**Task to complete**
Quote the listing below in its entirety, omitting every image.

**Raw data**
Content starts

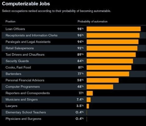 Podría decirse que el párrafo anterior es la parte positiva, pero este desarrollo también tiene otra cara. Las nuevas tecnologías harán que miles de puestos de trabajo ya no sean necesarios. Al igual que ahora hay menos mozos de cuadra que en 1900 o menos taquilleros de cine que en 1980, en 2025 o 2030 habrá menos trabajadores en otros puestos. El siguiente gráfico muestra los empleos que más probabilidades tienen de ser automatizados, según un estudio de la Universidad de Oxford. El primero sería algo así como "agente de préstamos" y haría referencia a aquellas personas que evalúan la idoneidad de una persona para ser merecedora de un crédito. Cada vez más, la decisión la tomará un ordenador, en función de las características del peticionario: ingresos, historial de pagos, bienes en propiedad, cantidad demandada…
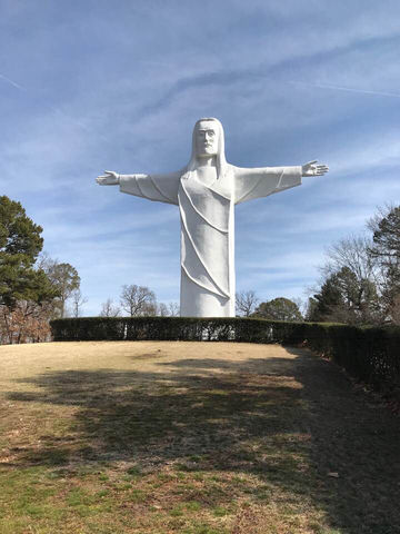 I had so much fun visiting the trails in Bentonville that I HAD to return with my boys. Unfortunately, the weather was not ideal, so we only had one day to rent mountain bikes and enjoy the trails. We did have time to see a superhero exhibit at the Crystal Bridges museum, see Christ in the Ozarks, and check out the Three State Line, though.
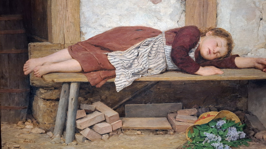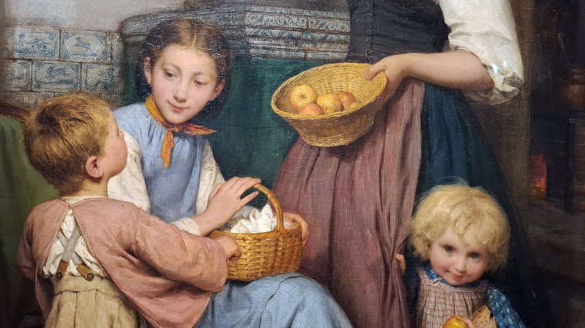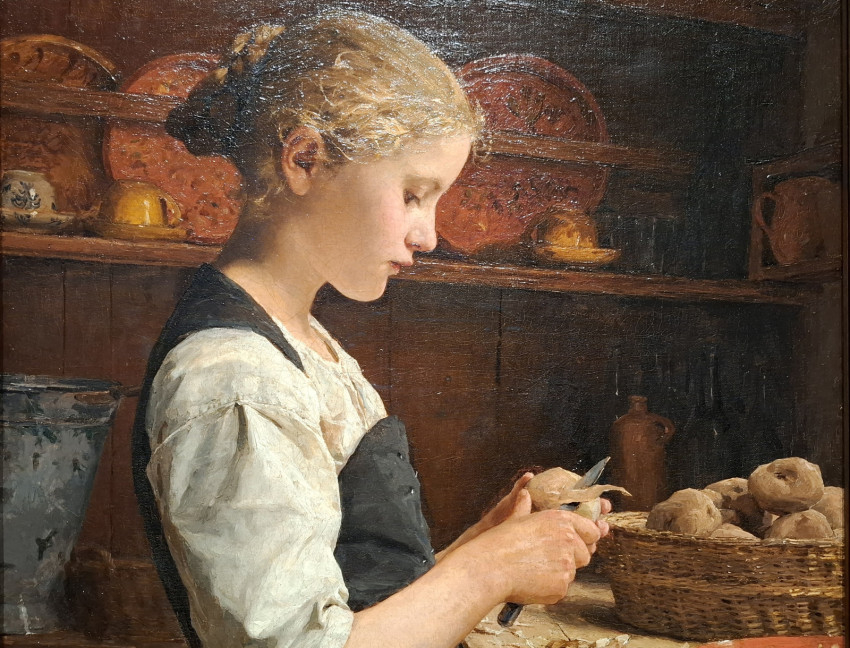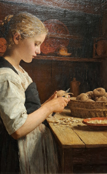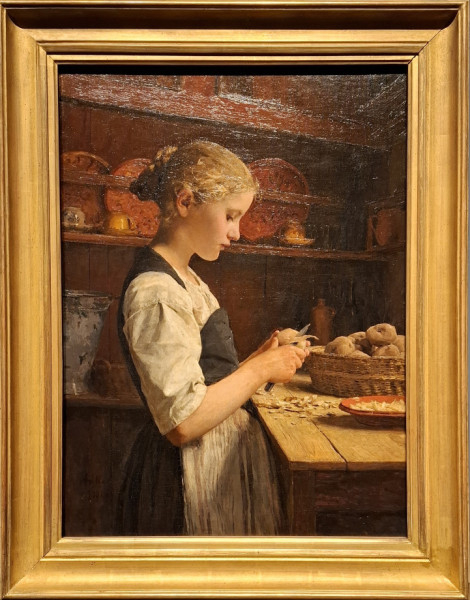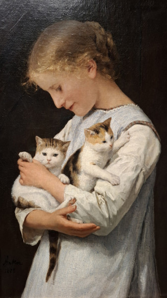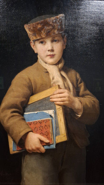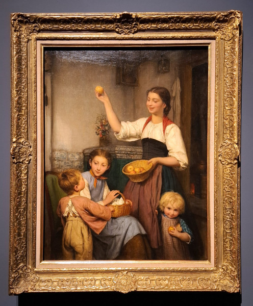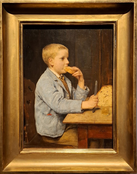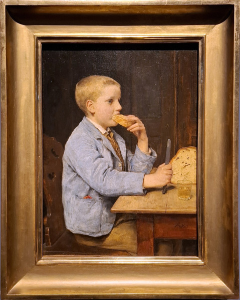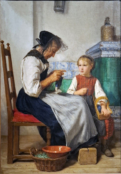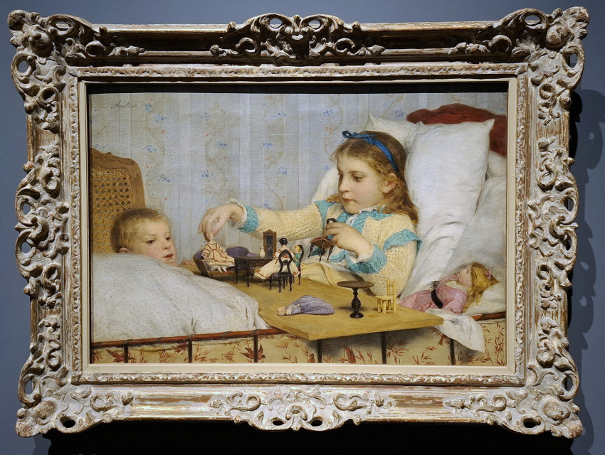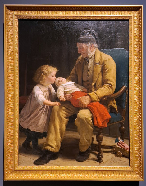 Ezután Albert Anker családi tematikájú, finoman megfestett, realista olajképei következnek, mint például A nővér (1867) című alkotása. Aranybarna színek uralják a képet, amelyek már önmagukban is melegséget, bensőséges hangulatot árasztanak. Hasonló a Nagyapa két unokájával (1881) című festmény is. Anker többi alkotása gyerekportrék sorozata, ilyen a Krumplihámozó lány vagy a Kisfiú tízórai szünetben (1886) című, amelyek roppant egyszerűen megfestett, szívet melengető alkotások. Anker realizmusa rendkívül érzékeny szellemre utal, semmikképpen sem esik a naturalizmus „bűnébe”, nem akar többet, mint amit ábrázol. Ebben talán leginkább a magyar Glatz Oszkárhoz hasonlít, akit szintén a finom realizmus jellemzett, és mindig nagyvonalú tudott maradni festészetében.

Content ends

**Solution**
 Podría decirse que el párrafo anterior es la parte positiva, pero este desarrollo también tiene otra cara. Las nuevas tecnologías harán que miles de puestos de trabajo ya no sean necesarios. Al igual que ahora hay menos mozos de cuadra que en 1900 o menos taquilleros de cine que en 1980, en 2025 o 2030 habrá menos trabajadores en otros puestos. El siguiente gráfico muestra los empleos que más probabilidades tienen de ser automatizados, según un estudio de la Universidad de Oxford. El primero sería algo así como "agente de préstamos" y haría referencia a aquellas personas que evalúan la idoneidad de una persona para ser merecedora de un crédito. Cada vez más, la decisión la tomará un ordenador, en función de las características del peticionario: ingresos, historial de pagos, bienes en propiedad, cantidad demandada…
 I had so much fun visiting the trails in Bentonville that I HAD to return with my boys. Unfortunately, the weather was not ideal, so we only had one day to rent mountain bikes and enjoy the trails. We did have time to see a superhero exhibit at the Crystal Bridges museum, see Christ in the Ozarks, and check out the Three State Line, though.
 Ezután Albert Anker családi tematikájú, finoman megfestett, realista olajképei következnek, mint például A nővér (1867) című alkotása. Aranybarna színek uralják a képet, amelyek már önmagukban is melegséget, bensőséges hangulatot árasztanak. Hasonló a Nagyapa két unokájával (1881) című festmény is. Anker többi alkotása gyerekportrék sorozata, ilyen a Krumplihámozó lány vagy a Kisfiú tízórai szünetben (1886) című, amelyek roppant egyszerűen megfestett, szívet melengető alkotások. Anker realizmusa rendkívül érzékeny szellemre utal, semmikképpen sem esik a naturalizmus „bűnébe”, nem akar többet, mint amit ábrázol. Ebben talán leginkább a magyar Glatz Oszkárhoz hasonlít, akit szintén a finom realizmus jellemzett, és mindig nagyvonalú tudott maradni festészetében.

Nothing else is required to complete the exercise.